Tiempo de brujos
Hay una mañana gris, lluviosa, enmohecida, como de latones rotos, como odios. Es el Invierno de acero de los pueblos, el Invierno entre los inviernos, el Invierno eterno, todo alumbrado de parafina, en cuyo corazón viejo, de vejez terrible y fragante, ya empiezan a podrirse las últimas frutas, con ancho morado eclesiástico. En la profundidad colosal del barro cantan las gotas.
Yo estoy saliendo de la noche, todavía hilachado y corroído de su oscura dispersión de fuego, la noche de Licantén, la noche de ojera y de palanca.
Pero mis manos de tres años arañan la realidad como una gran naranja, buscan la forma violenta y los hechos y, a la espalda de los sueños, afirman su grito. Efectivamente, me creía un pájaro entre las sábanas, un pájaro de dimensiones formidables, como aquellos enormes y muertos, que cruzan cantando río arriba, río abajo, río afuera, por el Mataquito. Yo tengo aspecto de dulzura y soy infantil, pero mi pecho es duro. Ahora la sombra está mezclada al agua, a las mantas mojadas de la lluvia, la lluvia de cuarenta días de los tiempos antiguos, y es una especie turbia de licor invernal, sonoro, en donde las tinajas del techo dejan pasar la música de la luz, sonando. Hay algunas vacas que braman dolorosamente, mordiendo nuestros inviernos como grandes madres en los pajares abandonados. Agarrándose a sus entrañas gravita el canto vago y desgarrador de los gallos, los hermosos y eternos gallos de Licantén, los gallos errados y abandonados de los pueblos, que como desde la muerte, emergen completamente ensangrentados por el ladrido de los perros, los amarillos y espantosos gallos que lloran el tiempo entre sus violetas. Yo los escucho negros, rojos, blancos, de punta a punta de la eternidad, ¡clamando!

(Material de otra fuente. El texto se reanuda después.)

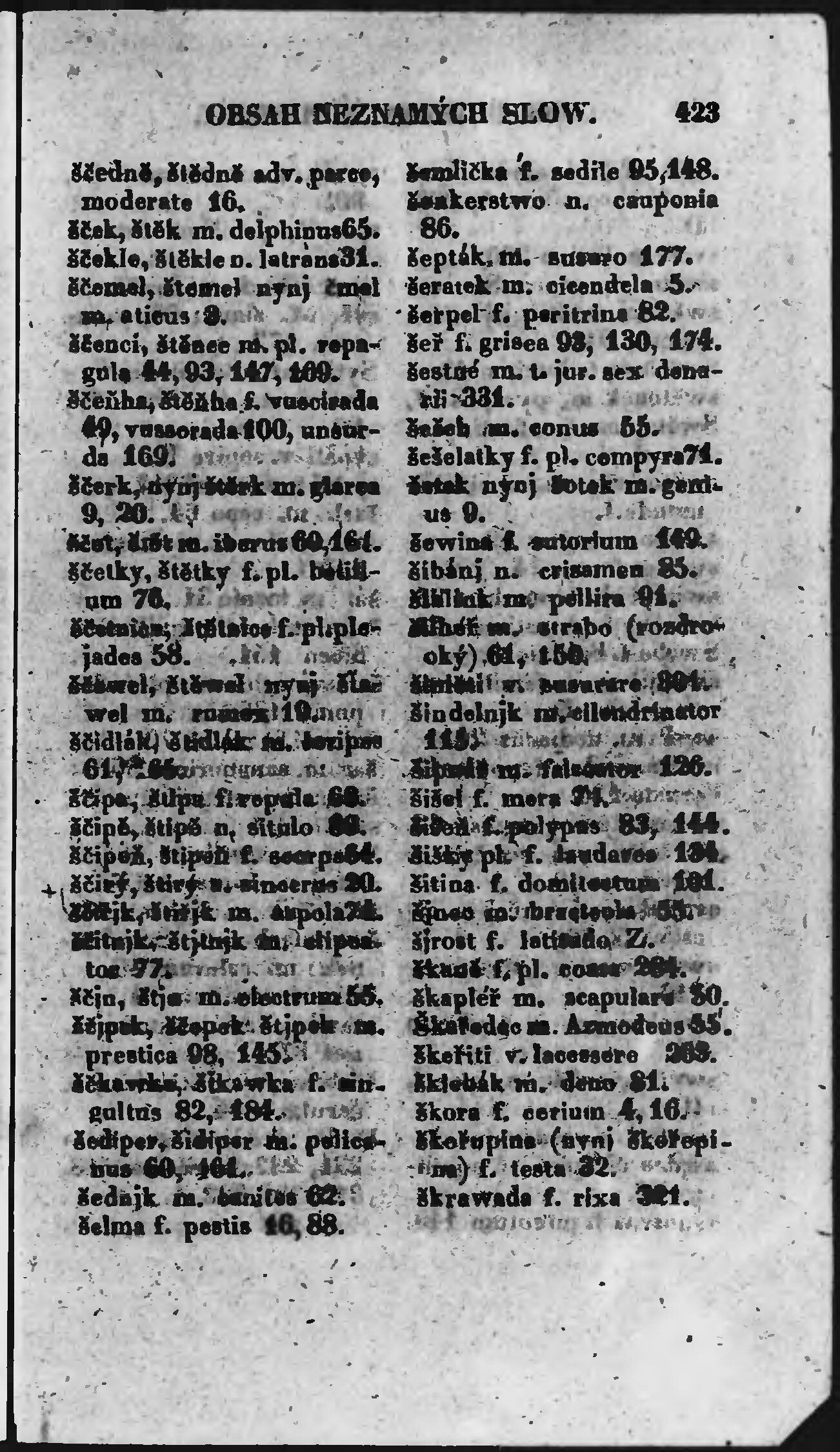 * Číslo stránky: 423 Typ stránky: rejstřík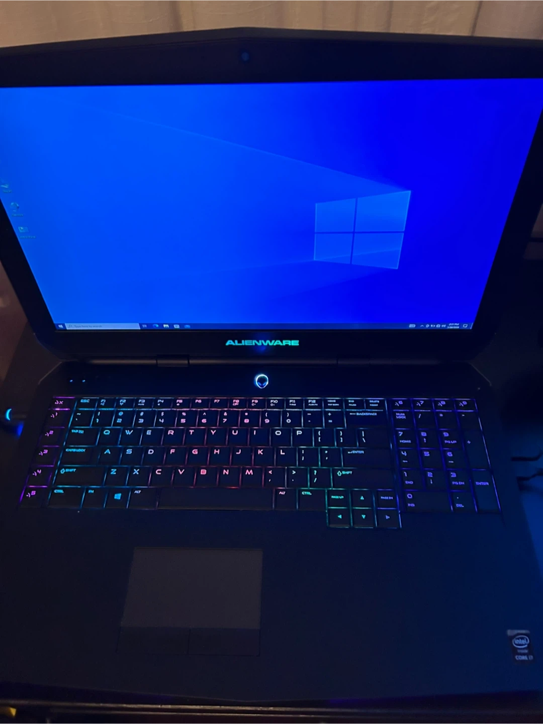 This is an Alienware laptop with a colourful backlit keyboard. It's a powerful machine ready for gaming or demanding tasks. It comes with an Alienware branded backpack, perfect for transporting your laptop safely.

Adentro estallan los hachazos rajando en astillas el corazón de los pellines. Por eso escucho este aroma a boldo, a quillay, a maqui, a antigüedad monumental de los antepasados, a chilcas mojadas de la ribera, entre las cuales anidan los patos entremezclándose al olor esencial de los membrillos… ¡Oh!, pero, de repente, el bramido del animal asesinado se me clava en el alma… Porque están carneando en los galpones la vaquilla que le compraron el domingo a los entenados de ña Catita Vilu, la curandera me parecía limosnera y se escondía el dinero en su cantarito.
Mi padre. Sí. Entra él trayendo la actualidad retratada en las palabras, sudando, oliendo a látigo como su cinturón y los lazos trenzados con que amarraron a la criatura. Mirándolo, se me ocurre pensar en cuando nació mi hermana, la Chila. Lo quiero, pero lo temo. Siempre me parece que he hecho algo muy malo en su presencia, que me aplasta, porque sólo lo recuerdo como cazador o hachando o partiendo leña en la montaña. Él sonríe contemplándome. Me entrega el astillón de raulí oloroso y me dice: mira la yegua… Efectivamente, una de las patas traseras se la pusieron de coligüe verde, de tal manera que tiene cuatro patas, como todas las yeguas.
Yo la abrazo y me levanto cantando entre la niebla acerba.